Tuned-in Turkish is designed and updated by Chris Gratien. It is one of the many MENAlab sites comprised of Ottoman History Podcast and its friends and family.

About the music: All of the songs featured in this blog are hosted by various users on third-party sites such as YouTube.

A message from the editor:

I am looking for current Turkish language students looking to make small contributions to the site. Please email me (chrisgratien [at] gmail.com) if you might be interested. Special thanks to Seçil Yılmaz and Carlos Grenier for helping with the early development of the site.

I believe that Tuned-in Turkish is a valuable language learning tool, and while I've put lots of time into developing the site, I've also made it a low-cost, sustainable affair, so that Tuned-In Turkish, like many great web ventures, remains completely open access and free of advertising. There are two reasons why I have done so. The first is that I think ad-free content is generally a good thing, and I want the materials on this site to be access to the largest audience possible. The second is that having both studied and taught languages in the past, I know how hard language teachers work and how much time they spend outside of class developing materials to make the classroom experience more exciting and helpful. Tuned-in Turkish is thus aimed at helping not only language students but also language instructors, without whom this site would not be possible.

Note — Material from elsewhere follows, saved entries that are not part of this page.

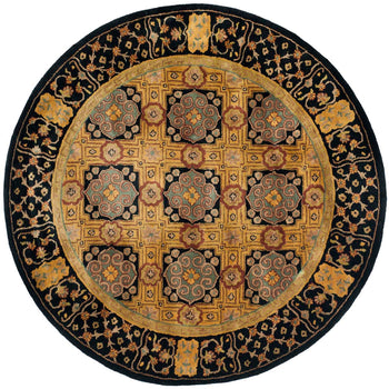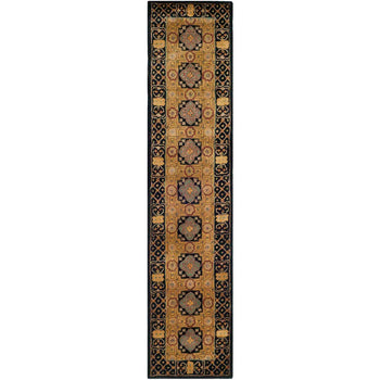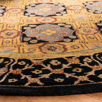 The rug features a rich and opulent color palette of gold and black, imbuing your space with a sense of sophistication and grandeur. The bold black border frames the golden center meticulously adorned with intricate patterns, reflecting an air of traditional charm while maintaining a contemporary edge.
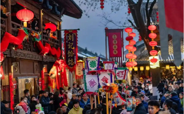 【陜西省】鳳翔縣於元宵節宴請女兒、女婿,稱之“吃十五”。并送燈、送油,稱之“添油”。
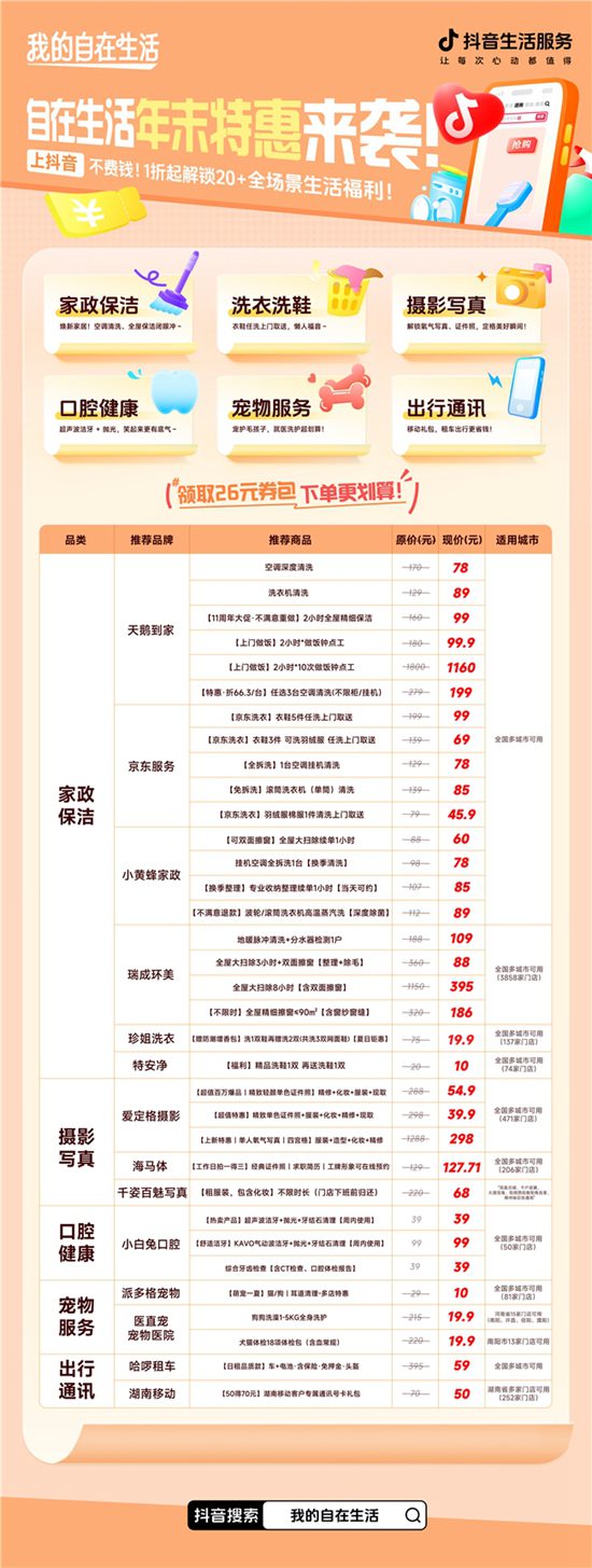 3.体系化内容引导,搭建高效决策支撑: 活动期间,平台通过构建“深度攻略+聚合清单”的内容矩阵,系统性引导用户决策。一方面,通过《年终健康干货盘点》《年末家务速通攻略》等内容,以专业视角帮助用户厘清复杂需求,提供清晰的选购参考;另一方面,推出《自在生活年末特惠》主题清单,以“上抖音,不费钱!1折起解锁20+全场景生活福利”为明确指引,直观呈现家政保洁、洗衣洗鞋、摄影写真、口腔健康、宠物服务、出行通讯等跨品类优质供给。凭借平台公信力与信息整合力,有效降低了用户的选择成本与信任门槛。
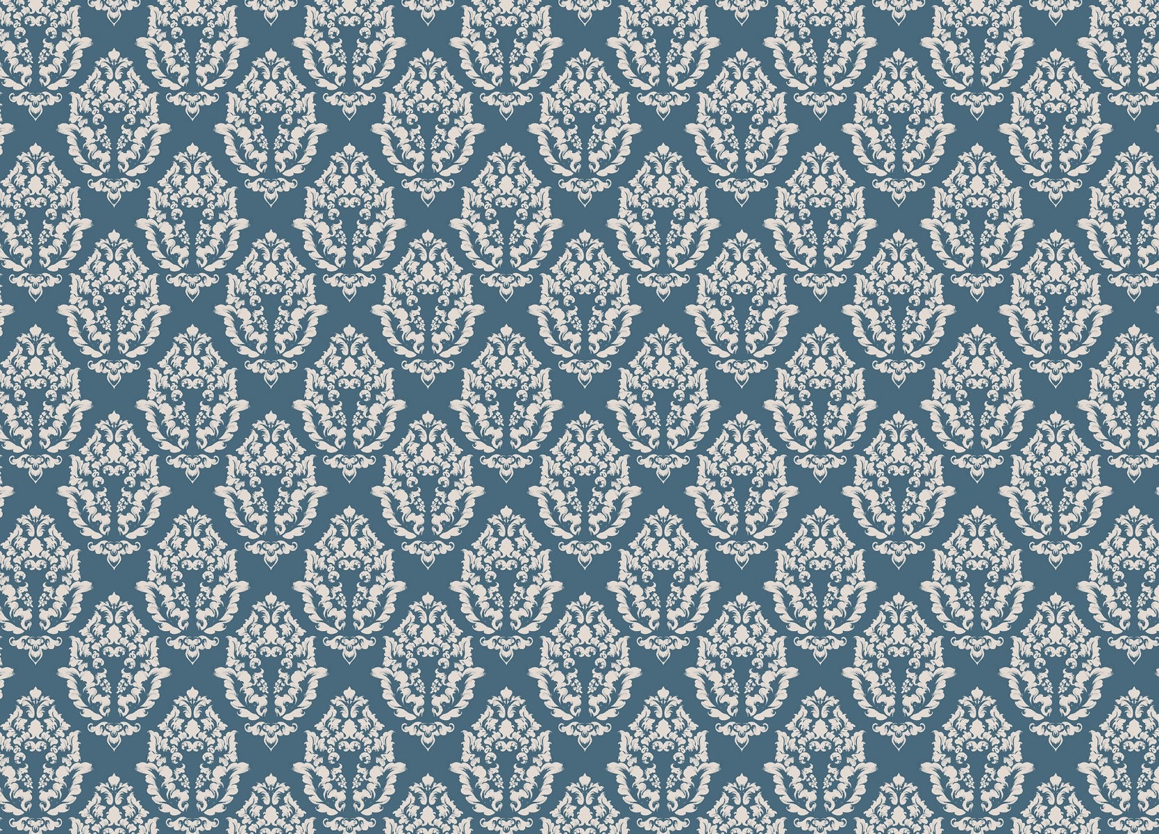 Intricate damask pattern wallpaper in blue
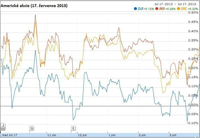 Americké akciové trhy reagovaly na středeční vystoupení šéfa centrální banky USA Bena Bernankeho mírným růstem. Po ukončení obchodování zveřejnily hospodářské výsledky ještě společnosti IBM, Intel, eBay a American Express.
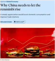 >The Economist’s Big Mac index shows that a McDonald’s Big Mac costs $6.01 in the US, yet only Rmb25.5 (about $3.60) in China, implying the renminbi is roughly 41 per cent undervalued. This light-hearted burger benchmark closely tracks the IMF’s more formal purchasing power parity estimate, which indicates that the renminbi is about 50 per cent undervalued against the dollar.

In this regard, I would like to acknowledge the language teachers who have helped me in my own language learning. Most of all, I would like to acknowledge my first Turkish teacher at Georgetown University, Dr. Sylvia Önder, who throughout the year of my introductory Turkish course, indulged my curiosity about songs and other materials that I carried with me around campus and brought to office hours in the hopes of finding an answer to another of my endless questions. Some of the songs featured on this site are ones that I asked her about many years ago, and without her knowledge and support, I likely would have never been in a position to design such a web page.

In addition, I would like to acknowledge other former Turkish teachers and teaching assistants from my years at Georgetown and elsewhere, especially Hakkan Yılmaz from Dilmer in Istanbul, Abdullah Uğur, Sevim Yılmaz Önder, and Esra Derya Dilek from summer Ottoman at Yıldız Teknik in Istanbul, Zeynep Gür and Elçin Arabacı from Georgetown University, and Mine Nakipoğlu, Bekir Şerifoğlu, Asuman Algın Acır, and Didem İkizoğlu from Boğaziçi University.